- 19 Nov 2024
- 1 Minute to read
- Print
- DarkLight
- PDF
Language Identification
- Updated on 19 Nov 2024
- 1 Minute to read
- Print
- DarkLight
- PDF
Level of Language Detection
During Reveal processing language detection is performed separately on each segment of the document. If there are multiple languages present in one segment, our language detector will detect each of the languages separately. Therefore, any one segment may have multiple languages assigned to it.
Language detection is done on the segment body content only. It will not detect languages from the following sections:
Greeting
Signature
Disclaimer
Computer-generated content
Special Cases
There can be scenarios where the language detector does not produce confident language assignments. Defined below are the different special labels that will be assigned to a segment when language detection is not possible. In these cases, the entire segment is assigned a special language label.
Unknown_EmptySegment
Segment content is empty.
Unknown_TooShort
Language detector does an internal clean-up to remove digits, special characters, URLs, email addresses, etc.
After the cleanup, the remaining text is too short for accurate detection.
For CJK text, the threshold for too short is 20 characters.
For all other languages, the threshold is 50 characters.
Unknown_FailedLetterModel
Language detector does an internal clean-up to remove digits, special characters, URLs, email addresses, etc.
The language detector detects a language, but the secondary test fails.
The secondary test checks if the character distribution in the segment is comparable to the character distribution in the suggested language.

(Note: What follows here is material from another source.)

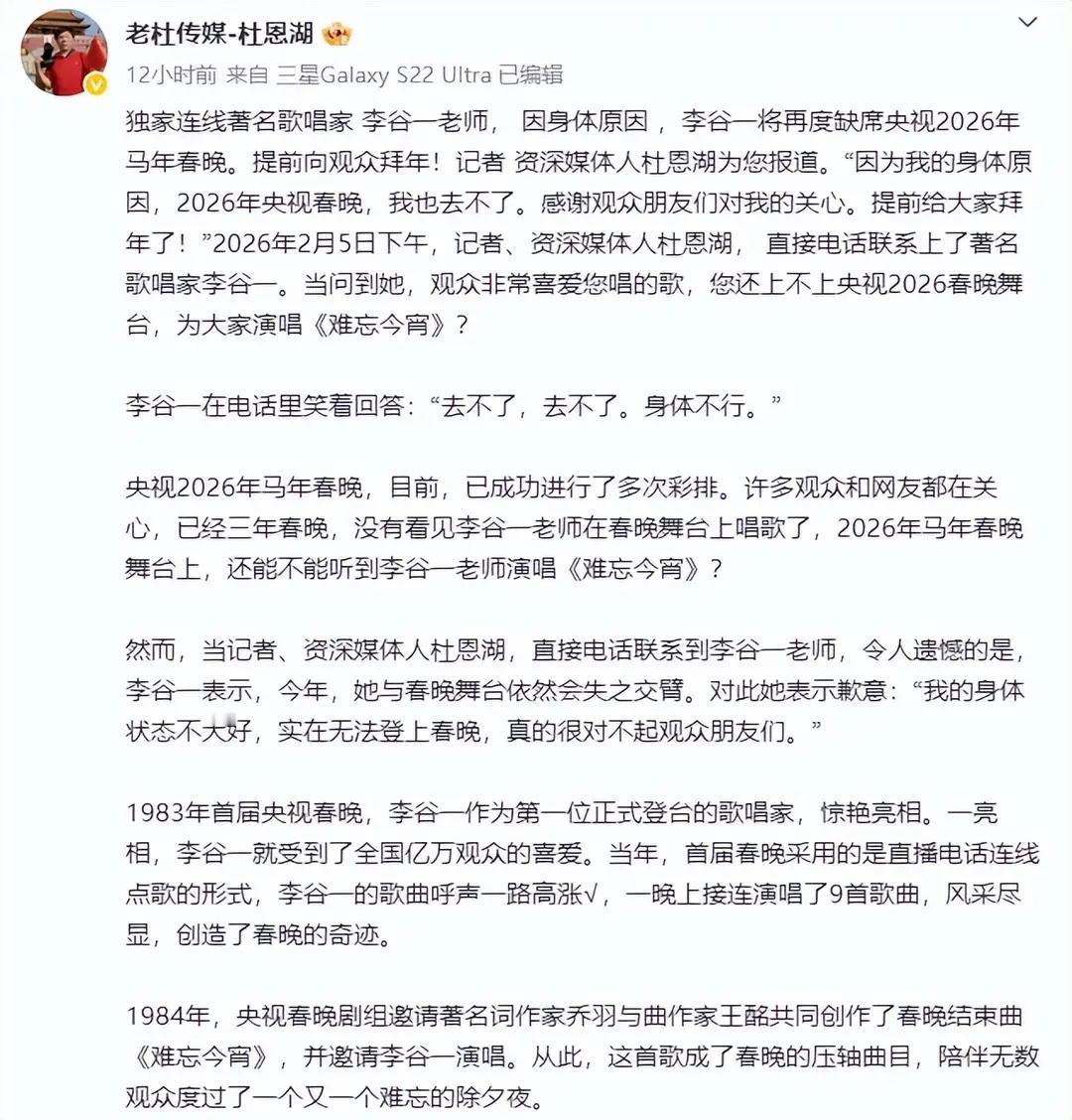 看哭了! 春晚招牌遗憾缺席: 2月7日媒体人爆料,著名歌唱家李谷一当众表示,身体不行,实在无法登上春晚,并且李老师还说:我的身体状态不大好,实在无法登上春晚,真的很对不起观众朋友们,感谢观众朋友们对我的关心,提前给大家拜年了! 春晚的记忆里,从来就少不了李谷一老师的身影。从 1983 年第一届央视春晚登台,到后来《难忘今宵》成了春晚的压轴绝唱,这一唱,就是整整四十多年。咱们从小跟着父母守岁,饺子煮好了,春晚快结束了,只要李老师的歌声一响,就知道除夕真的圆满了。可以说,没有《难忘今宵》的春晚,在心里,总觉得少了点 “年味儿的灵魂”。 说出来你可能不信,当年《难忘今宵》差点就没能登上春晚舞台!1984 年,这首歌刚创作出来,就被不少人扣上了 “靡靡之音” 的帽子,说旋律太舒缓,不够激昂,不适合做春晚结尾曲。是总导演黄一鹤力排众议,再加上李谷一老师的坚持,才让这首经典得以面世。 李谷一老师融合戏曲咬字、民歌唱腔和科学发声的独特演绎,一下子就走进了亿万观众的心里。这一火,就是四十多年,成了春晚舞台上唯一不可替代的 “文化符号”。 有人说,不就是少个歌手吗?这话可就错了!李谷一老师可不是普通的春晚嘉宾,她是春晚的 “定海神针”。回想一下,这些年春晚舞台换了多少代艺人,流量明星来了又走,唯有李老师,只要站在那里,一开口就是满满的情怀。 这就跟过年要贴春联、吃饺子一样,李老师的《难忘今宵》,早已成了除夕的 “标配”。之前哪怕她有点小病痛,也从没缺席过,有一年她感冒发烧,依旧坚持唱完,声音还是那么清亮,这份敬业,现在的年轻艺人真该好好学学。 为什么这么多歌手翻唱《难忘今宵》,却始终无法超越李谷一老师?她的唱法自成一派,别人学不来。更重要的是,她的歌声里有真情实感,有对观众的爱,有对家国的情怀。 这次李老师亲口说身体不行,那是真的扛不住了。人到了一定岁数,身体的零件就像用久的机器,经不起折腾。李老师已是耄耋之年,能一直坚守到现在,早已是奇迹。她心里装的全是观众,哪怕自己身体不适,首先想到的还是 “对不起观众”,这份真诚,比任何华丽的舞台表演都更打动人。 李老师的缺席,虽然让春晚少了一个经典画面,但与其遗憾,不如送上最真诚的祝福。李老师用一辈子的时光,给我们留下了最珍贵的春晚记忆,现在,她该好好歇一歇,好好照顾自己的身体了。 今年的春晚,虽然听不到她现场唱《难忘今宵》,但怀念她的这份情怀,从来不会因为缺席而变淡。希望李谷一老师早日康复,平安顺遂! (每天更新,欢迎关注,喜欢文章的可以帮忙点个赞留条评~) 对此大家有什么看法?

For example, a segment can contain only the letter ‘a’. The language detector may suggest this is English but the secondary test will fail because it is very unlikely to see English text with only one letter.
Unknown_AssumedSpreadsheet
We do not attempt language detection on segments with a processing status of ‘CharacterBasedFilterException’ and assign the language as ‘Unknown_AssumedSpreadsheet’.
Unknown
In all other cases when language detection does not have high confidence assignment, we set the language as ‘Unknown’.